I have a work function coming up soon. They've provided my 15+ PDF reference guides to help with the function, I'm looking for a way to combine all them, make a table of contents to quickly jump to the necessary guide and carry it on my iPad Air.

My initial thoughts is making the PDFs into an ibook, which I'd need to learn to do if it's even possible without buying special software. Does anybody else have a solution or idea to make this possible?

Nick
 
Are you trying to accomplish this task on your iPad, or on a computer?
 
iBooks Author, free on the app store? (Don't know if it'll do it or not, but it's worth looking at.)
 
Is the PDF already assembled with a table of contents that allows you to click/tap and be taken to the section? If not, the easiest way to add that functionality may be to use Microsoft Word (Pages might be capable of this as well). Either open the PDF with it or, if it's purely text, copy and paste the document(s) into your text editor and then run with it. Save as or "print" as a PDF when you're finished. See this Apple discussion for some instructions on creating the clickable table of contents.

As far as viewing free-form PDFs, I don't really like using iBooks. I find it easier to sort and view PDFs that are loaded in Documents, a free app by Readdle. Documents isn't limited to PDFs, it's something of a file system interface for the iPad (but documents must be loaded into the app).

Hope it helps.
 
Is the PDF already assembled with a table of contents that allows you to click/tap and be taken to the section? If not, the easiest way to add that functionality may be to use Microsoft Word (Pages might be capable of this as well).
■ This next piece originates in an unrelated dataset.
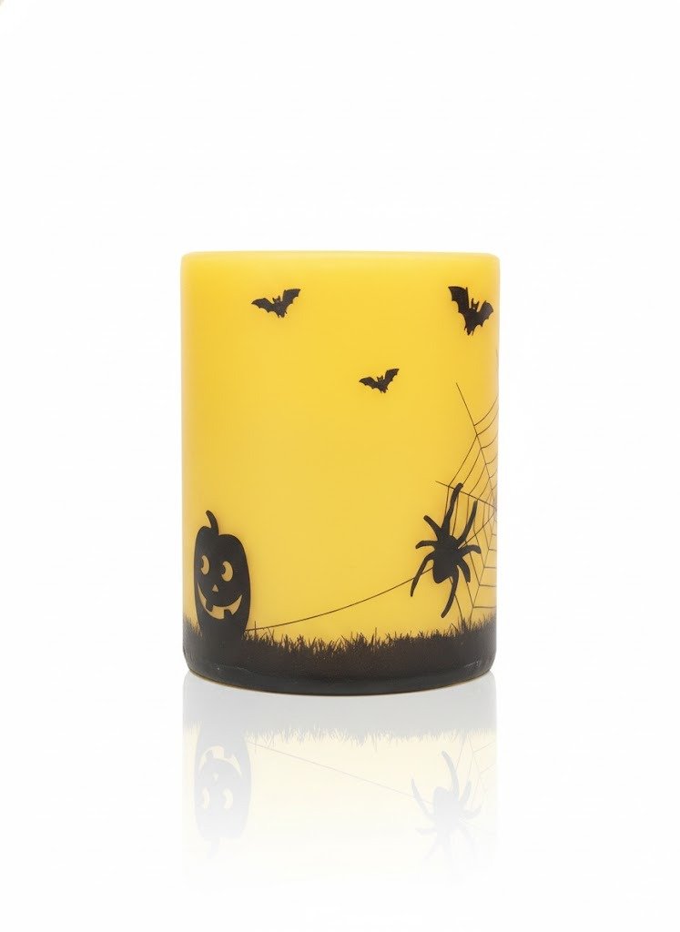 The candle’s surface is a cheerful, glowing yellow, contrasting sharply with the spooky black silhouettes. The design wraps around the candle, showcasing classic Halloween imagery: a grinning jack-o’-lantern, a large spider in its web, and a flock of shadowy bats flying overhead.

Either open the PDF with it or, if it's purely text, copy and paste the document(s) into your text editor and then run with it. Save as or "print" as a PDF when you're finished. See this Apple discussion for some instructions on creating the clickable table of contents.

As far as viewing free-form PDFs, I don't really like using iBooks. I find it easier to sort and view PDFs that are loaded in Documents, a free app by Readdle. Documents isn't limited to PDFs, it's something of a file system interface for the iPad (but documents must be loaded into the app).

Hope it helps.

thanks I'll give this a try when I get off work.
 
Preview on OS X can very easily combine them. I don't think it could create the table of contents. PDF Pen is a wonderful tool, though not free.
 
I have a work function coming up soon. They've provided my 15+ PDF reference guides to help with the function, I'm looking for a way to combine all them, make a table of contents to quickly jump to the necessary guide and carry it on my iPad Air.
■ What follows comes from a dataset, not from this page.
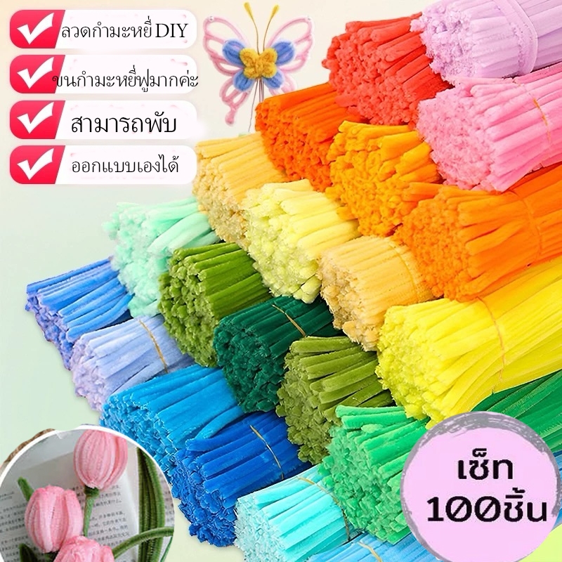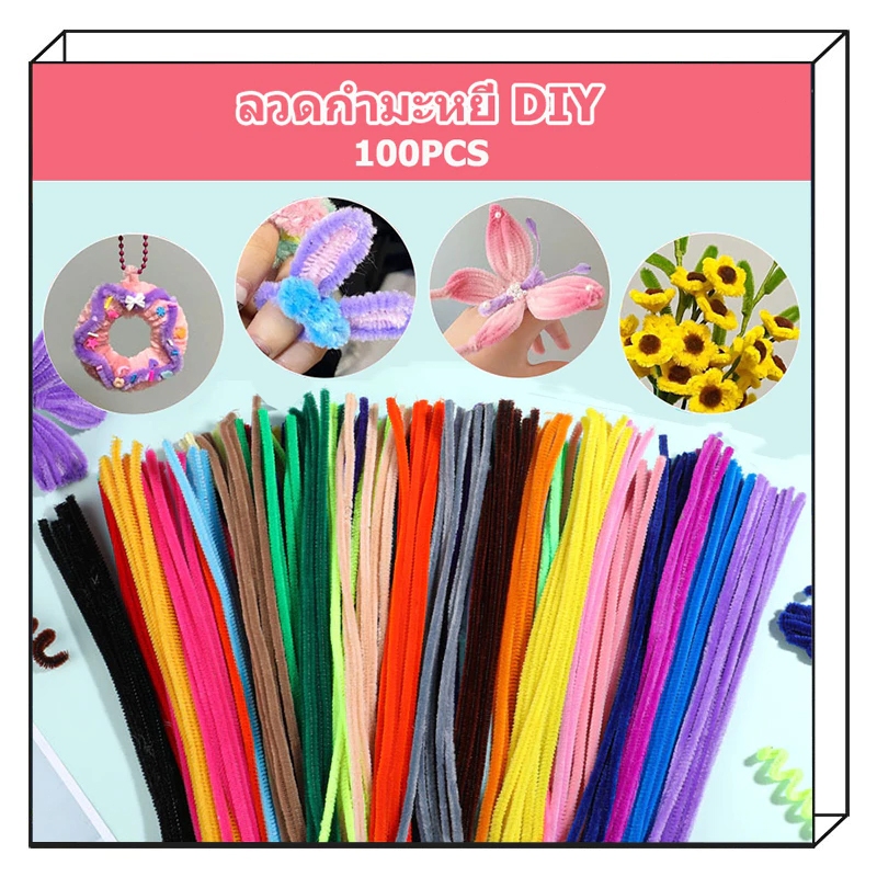 ลวดกำมะหยี่ DIYเซทลวดกำมะหยี่ ชุดละ10สี 100 เส้น ของเล่นฮิตใน tiktok สร้างงานประดิษฐ์ เด็กทำงานฝีมือ งานฝีมือเด็ก

Why not just drop the guides into the iBooks app as-is, and make a collection for them? That way iBooks handles the "table of contents" as you can browse the titles of each guide and tap the one you want, going right to it. No need to do any combining or PDF mangling.

I do this all the time when I have to review bids from vendors. Sometimes they come as native PDFs, some vendors still send paper (ugh). The latter I just drop into our bulk scanner, and then throw all the PDFs into their own iBooks collection for easy sorting.